利用混合效应回归树分析高维纵向数据以确定低和高风险亚群：模拟研究及其在遗传研究中的应用。

背景：线性混合效应模型（LME）是一种传统的参数化方法，主要用于遗传研究中的纵向和聚类数据分析。先前的研究表明，该模型对参数假设敏感，但预测性能低于非参数方法，如随机效应-期望最大化（RE-EM）和无偏RE-EM回归树算法。这些纵向回归树利用分类和回归树（CART）和条件推理树（Ctree）来估计混合效应模型的固定效应成分。虽然CART是一种众所周知的树算法，但它存在贪婪的问题。为了缓解这一问题，我们使用Evtree算法来估计LME的固定效应部分，以处理基因组关联研究中的纵向和聚类数据。方法：在本研究中，我们提出了一种新的非参数纵向算法，称为“Ev-RE-EM”，用于使用Evtree算法对连续响应变量建模，以估计LME的固定效应部分。我们将其预测性能与其他树算法（如RE-EM和无偏RE-EM）进行了比较，分别考虑和不考虑受试者内部误差之间的自相关结构，以分析遗传研究中的纵向数据。自相关结构包括一阶自回归过程、常相关的复合对称结构和一般相关矩阵。真实数据来自纵向德黑兰心脏代谢遗传研究（TCGS）。数据建模使用身体质量指数（BMI）作为表型，并包括预测变量，如年龄、性别和25,640个单核苷酸多态性（snp）。结果：结果表明Ev-RE-EM和无偏RE-EM的预测性能接近。此外，Ev-RE-EM算法生成的树比无偏RE-EM算法生成的树更小，增强了树的可解释性。结论：无偏RE-EM和Ev-RE-EM算法优于RE-EM算法。由于不同数据集的算法性能不同，研究人员应该在感兴趣的数据集上测试不同的算法，并选择性能最好的算法。在医学研究中，准确地预测和诊断一个人的遗传特征是至关重要的。具有最高准确度的模型应用于加强对复杂性状的遗传学的理解，改善疾病的预防和诊断，并有助于治疗复杂的人类疾病。

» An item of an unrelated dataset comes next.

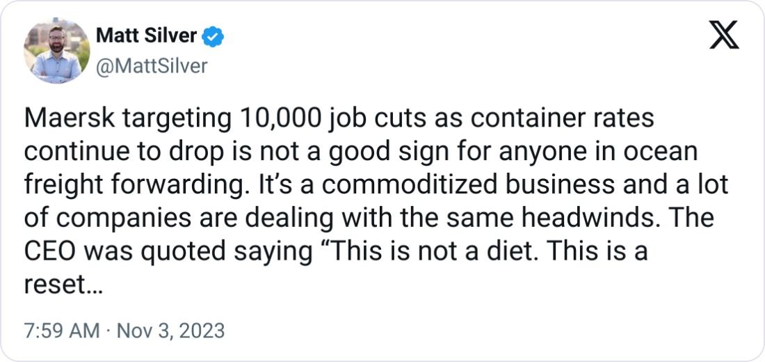 🚢 Maersk to Slash 10,000 Jobs Amid Global Trade Turbulence. In response to a dramatic drop in freight rates and a shift in consumer spending, shipping titan Maersk is cutting 10,000 jobs. Profits plummeted from a high of $8.88 billion to $521 million, underscoring a severe industry downturn. The move is part of a larger strategic reset, as the company braces for continued market volatility and a potential overcapacity crisis that could extend into 2025. This restructuring aims to save Maersk $600 million amidst a challenging future for global trade logistics.
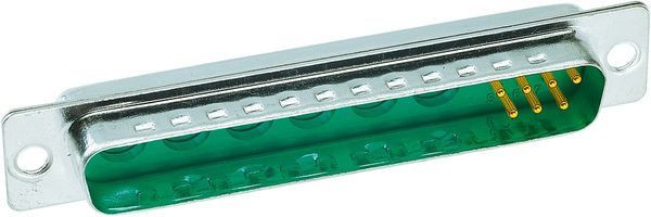 Steckverbinder, Lötkelchanschluss, Bemessungsstrom: ?5 A, Stift, Baugröße: D-Sub 4, Thermoplastischer Formstoff, glasfaserverstärkt (Polyester), Shell: Stahl, verzinnt, grün, Kontakte: 13, Leiterquerschnitt: 0,5 mm², Kupferlegierung, Edelmetall über Ni

本文章由计算机程序翻译，如有差异，请以英文原文为准。

求助全文

约1分钟内获得全文求助全文

来源期刊

Biodata Mining MATHEMATICAL & COMPUTATIONAL BIOLOGY-

CiteScore

7.90

自引率

0.00%

发文量

审稿时长

23 weeks

期刊介绍： BioData Mining is an open access, open peer-reviewed journal encompassing research on all aspects of data mining applied to high-dimensional biological and biomedical data, focusing on computational aspects of knowledge discovery from large-scale genetic, transcriptomic, genomic, proteomic, and metabolomic data. Topical areas include, but are not limited to: -Development, evaluation, and application of novel data mining and machine learning algorithms. -Adaptation, evaluation, and application of traditional data mining and machine learning algorithms. -Open-source software for the application of data mining and machine learning algorithms. -Design, development and integration of databases, software and web services for the storage, management, retrieval, and analysis of data from large scale studies. -Pre-processing, post-processing, modeling, and interpretation of data mining and machine learning results for biological interpretation and knowledge discovery.